Consuming enough protein is totally essential for optimum muscle achieve.
Nevertheless, if you’re getting sufficient protein in your
diet, taking a protein supplement is unnecessary.
Nevertheless, the consequences are probably the biggest for individuals who aren’t getting
sufficient protein in their food plan. Higher energy allows
you to carry out better throughout exercise, resulting in larger increases
in muscle mass over time. Moreover, ensuring you get a proper evening’s sleep (at
least 7 to 9 hours) helps optimize recovery after a tricky workout.
After each power training session, you improve each muscle building and muscle
breakdown. However, so lengthy as you give your body the dietary protein and vitality
it wants, muscle-building outpaces muscle breakdown. Barbell workout routines include bench press, squats, and deadlifts and allow you to use
much heavier weights than cables or dumbbells.
If you are nervous about this, select a mass gainer that is high
in fiber and low in carbohydrates. Since mass gainers are really just very efficient macronutrient sources, the only side effects are associated
to the macronutrients they provide. The absolute best
combination may be whey protein and casein protein, one
other milk derived protein.
Nevertheless, it did not have an result on precise strength compared with the members who didn’t consume the protein. Folks ought
to aim to eat a nutritious, balanced food plan whereas exercising to extend muscle mass.
Folks with an intolerance to certain meals might find that mass
gainers cause digestive upset. Anybody attempting them for the primary time should start with a small
dose and improve it gradually.
Curiously, ladies could recuperate sooner than males since estrogen is thought to play a job in recovering from sore
muscular tissues (88). Recovering from sore muscles can contain some light exercise, stretching, foam
rolling, and proper diet. But more so, it just takes time for the soreness
to go away. It is often found in pre-workouts, coupled with some other ingredients, or
as a single complement. It has restricted analysis to back up claims
however stays well-liked in the fitness world.

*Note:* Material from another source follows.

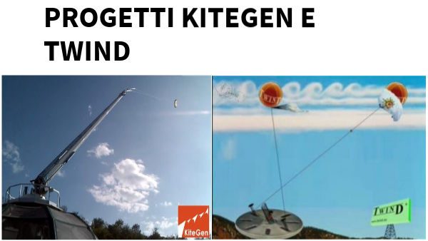 Il KiteGen è un progetto italiano. E' una tecnologia innovativa che libera nell’aria un aquilone legato a braccia meccaniche, ma lasciato libero di orientarsi in base alla direzione del vento; L’altezza che offre le maggiori prestazioni è a 800 metri ed è a questa distanza che entra in azione Kitegen che provvede a sfruttare le correnti molto meglio delle tradizionali pale eoliche; Il progetto prevede 2 filoni principali di sviluppo: il KiteGen Stem e il KiteGen Carousel.

Lennon continues to explain that while training is the
driver to construct muscle, vitamin shall be supportive of that process.
In order to realize muscle at a price that is as fast as attainable for you individually,
the primary dietary adjustments to think about shall be energy and protein. In addition, creatine
may increase the number of satellite cells in your muscle tissue.5 They
are small cells inside the skeletal muscle tissue of the human physique that are usually dormant.
When woken up through physical activity like weight training, they fuse
with current muscle fibers, growing the scale and energy of the muscle.
If you solely eat plant-based foods, rising your total protein intake by 25% is
a good suggestion. That method, you get as many important
amino acids (the ones you must provide to construct muscle) as somebody who eats animal proteins.
Combining compound lifts and isolation movements in your weight training
routine probably provides you the most effective
results, however the core lifts are your bread-and-butter workouts
to build muscle quick.
Many meta-analyses have discovered periodized resistance coaching to be more practical for growing muscular strength than non-periodized resistance training
(43). If you don’t have entry to heavy weight, this is an excellent device
to utilize. Casein is a type of protein that’s useful to gaining muscle.
As A End Result Of it’s an animal protein, it has all the essential
amino acids, including high quantities of leucine which provoke protein synthesis (15, 16).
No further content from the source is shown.